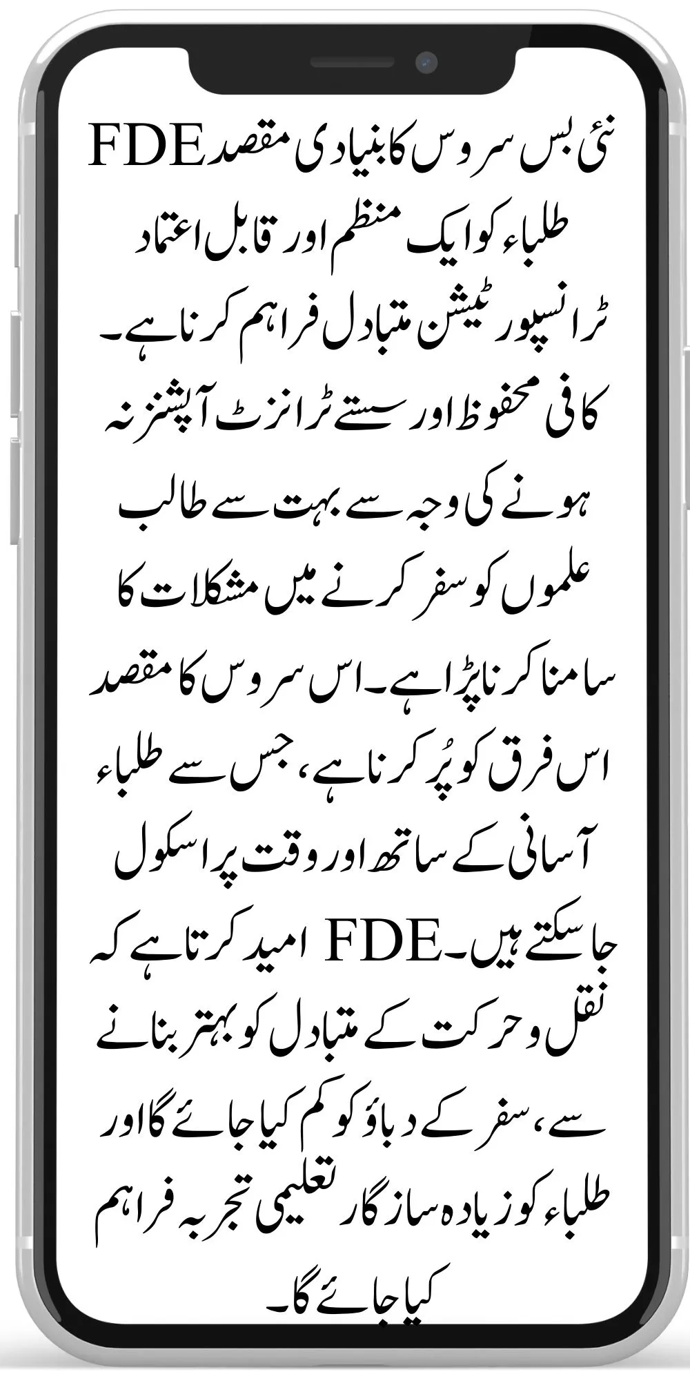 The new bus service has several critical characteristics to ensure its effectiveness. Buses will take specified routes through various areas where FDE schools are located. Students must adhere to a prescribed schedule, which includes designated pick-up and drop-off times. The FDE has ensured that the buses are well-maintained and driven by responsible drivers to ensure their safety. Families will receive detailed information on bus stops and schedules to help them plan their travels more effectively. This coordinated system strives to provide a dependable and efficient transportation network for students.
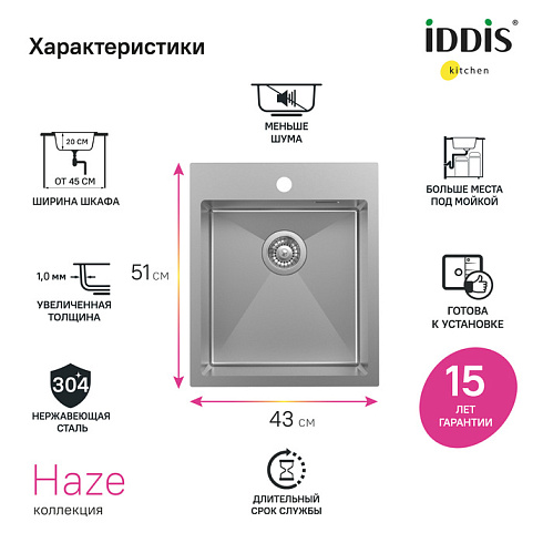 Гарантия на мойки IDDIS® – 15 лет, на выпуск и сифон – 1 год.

* * *

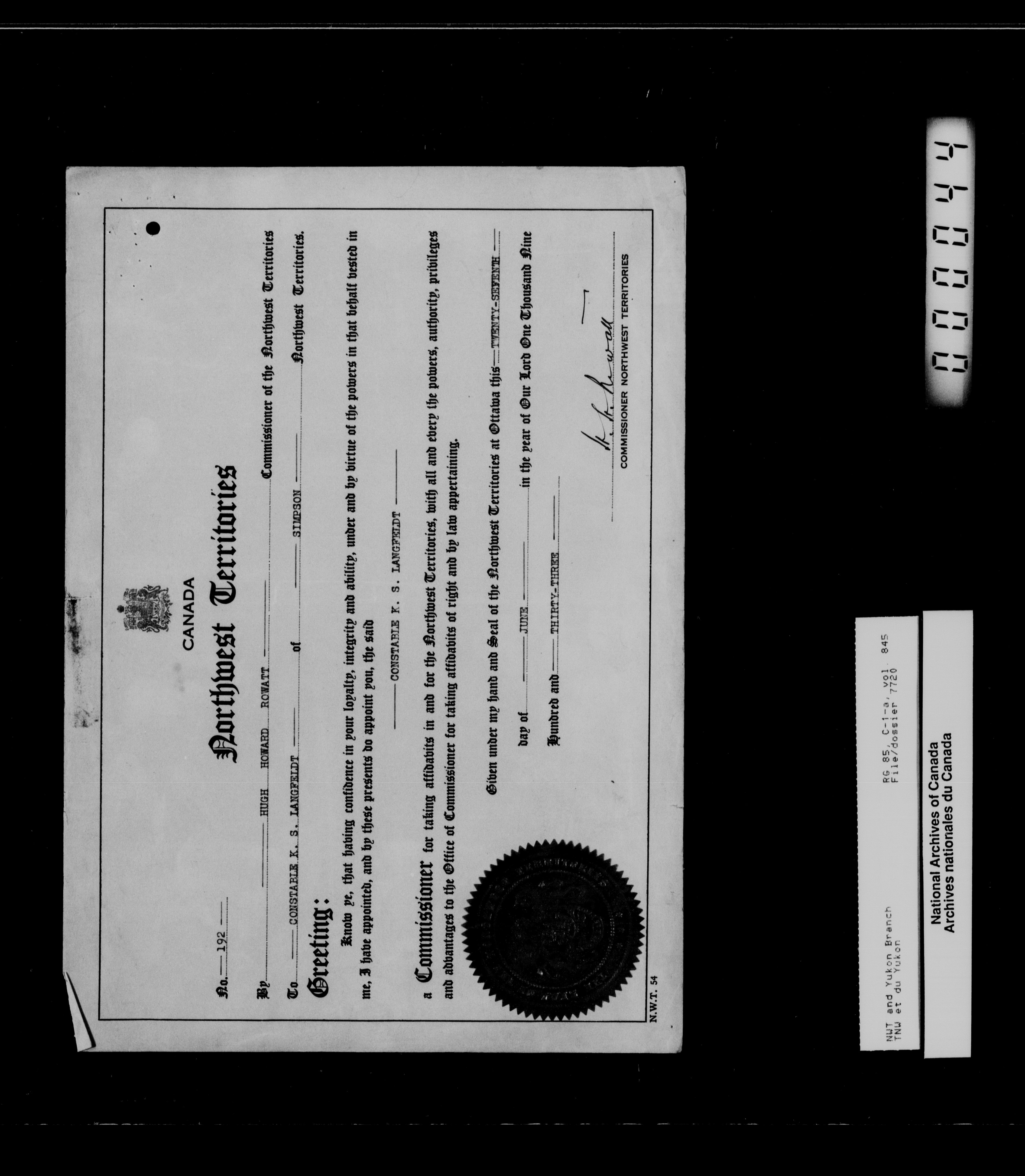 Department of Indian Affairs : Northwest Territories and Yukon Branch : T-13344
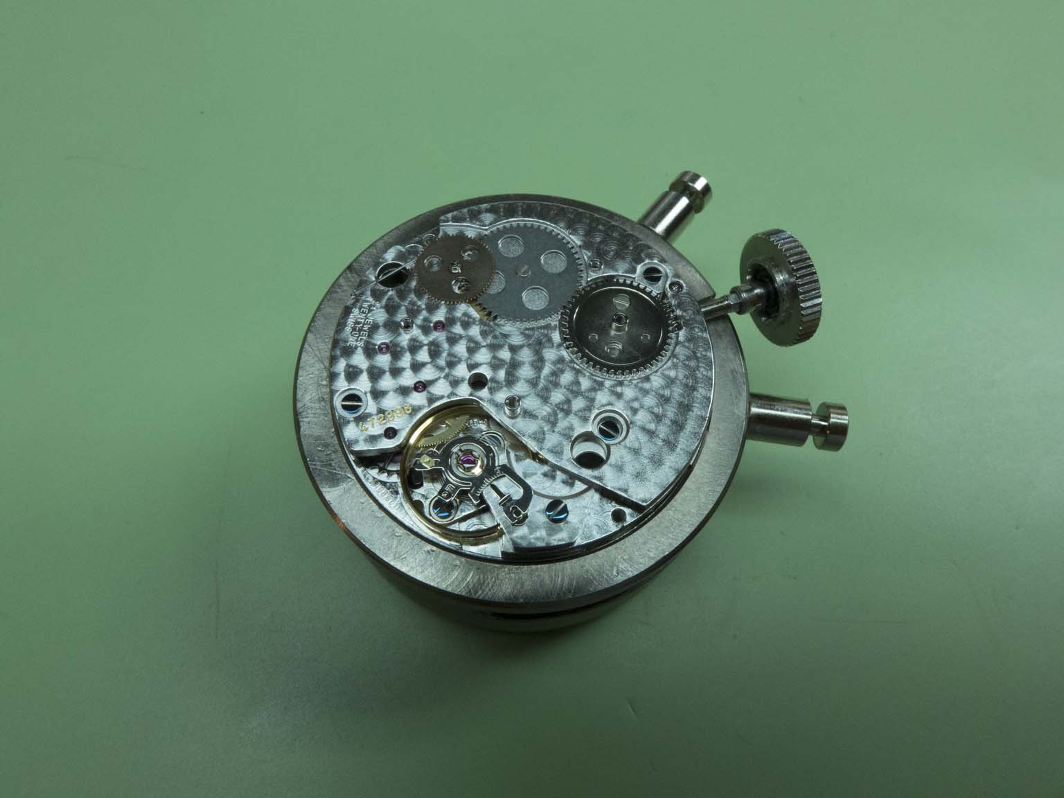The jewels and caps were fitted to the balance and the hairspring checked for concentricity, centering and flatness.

* _What you have to do_
From the records above, output only the lines starting at the one containing "Department of Indian" and ending at the one containing "The jewels and", word for word. Pictures stay out.

* _Solution_
 Department of Indian Affairs : Northwest Territories and Yukon Branch : T-13344
The jewels and caps were fitted to the balance and the hairspring checked for concentricity, centering and flatness.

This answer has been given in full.